Торгово-промышленные города – Венеция, Гданьск, Нью-Йорк, Калькутта – развивались там, где было сырье, пригодное к вывозу; если торговля шла успешно, продовольствие сюда можно было привезти за малую часть прибылей. Место Санкт-Петербурга в этом ряду проблематично. Кроме нетронутых сосновых лесов, вокруг не было товарного сырья, а древесина поглощалась нуждами столицы и флота. Плодородные земли лежали далеко на южных склонах Среднерусской возвышенности. Позже империя вышла к Черному морю, колонизовав черноземы Украины и Новороссии. Приняв несколько волн переселений из средней России и Центральной Европы, черноземные поля давали отличные урожаи. Проблема империи теперь была в том, что на юге зерно было некому продать, а на севере его было негде купить. Экспансия остановилась, и главной задачей стало создание водных путей между торговым Севером и земледельческим Югом.
С юга к Балтийскому морю течет система рек, которые впадают в полноводную Неву; но они все начинались севернее черноземных земель. Невысокая (200 метров), но очень широкая (500 километров) Среднерусская возвышенность отделяет бассейны Балтийского и Белого морей от бассейнов Черного и Каспийского. Ее холмы были сердцем Московской Руси; они стала проклятием Российской империи. Неутомимый путешественник, Петр понимал масштаб проблемы. Ее решило бы устройство судоходного канала между притоком Волги и бассейном Ладоги. Теперь именно тут решались судьбы Евразии. Судоходный канал связал бы военно-торговую столицу с ее сырьевой базой, Балтийское море с Каспийским, Неву с Волгой, рынки Европы с сокровищами Азии.

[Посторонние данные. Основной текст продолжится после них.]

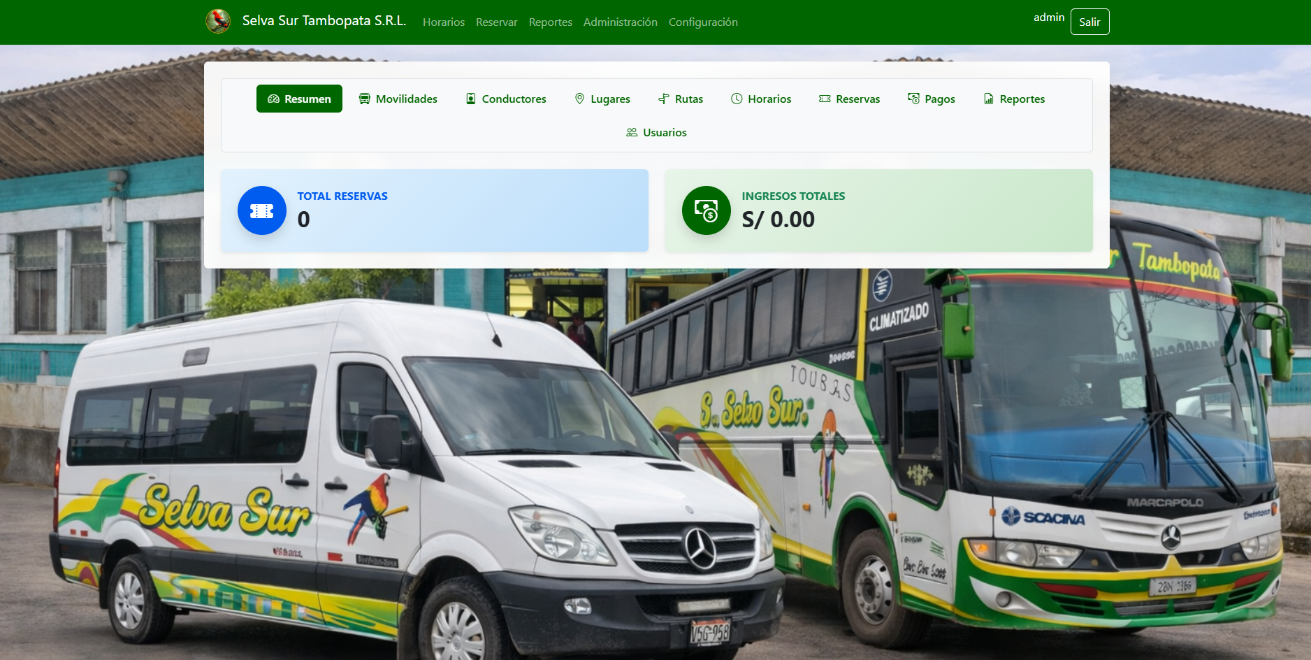 Sistema web desarrollada para la empresa Selva Sur Tambopata S.R.L., que permite gestionar la reserva y venta de pasajes en la ruta Julia...

Каналы со шлюзами, соединявшие бассейны разных рек, тогда существовали только во Франции. Бриарский канал, соединивший Сену и Луару, был построен герцогом Сюлли; строительство его продолжалось почти сорок лет. Еще более длинный – 100 километров и 61 шлюз – Центральный канал соединял бассейны Атлантики и Средиземного моря. То были крупнейшие сооружения XVII века. Задача русского канала казалась проще. Сначала Петр поручил планирование англичанину. Канал длиной всего 2,8 километра открывал непрерывный водный путь между Волгой и Невой длиной почти в тысячу километров. Это было место, где грузы издавна перегружали волоком между Волгой и Волховым; это место так и называлось – Вышний Волочок. Новый канал построил голландец; но его опыт не годился для возвышенности, и каналу не хватало воды. Переделывать его пригласили мастеров из Флоренции, но и они не справились с задачей. Тогда местный купец Михаил Сердюков, знавший о каналах и шлюзах по французским книжкам, добился у Петра концессии на перестройку канала. Сердюков (1678–1754) был пленным монголом, крещенным в Енисейске; его потом обвинят в старообрядчестве. Он поставил новые плотины, водохранилища и шлюзы, подняв уровень воды в одних местах и осушив болота в других; на канале работали мельницы, трактиры и винокурня. Его сын женился на дочери Акинфия Демидова, богатейшего уральского промышленника (Иван Сердюков утонул в своем же водохранилище в 1761-м). Но Вышневолоцкий канал работал. Почти два столетия, вплоть до эпохи железных дорог, по нему возили зерно в столицу. Но по нему не удавалось возить грузы в обратную сторону. Их так и таскали волоком, так что цена импортного текстиля в русской провинции была в несколько раз выше, чем в Петербурге.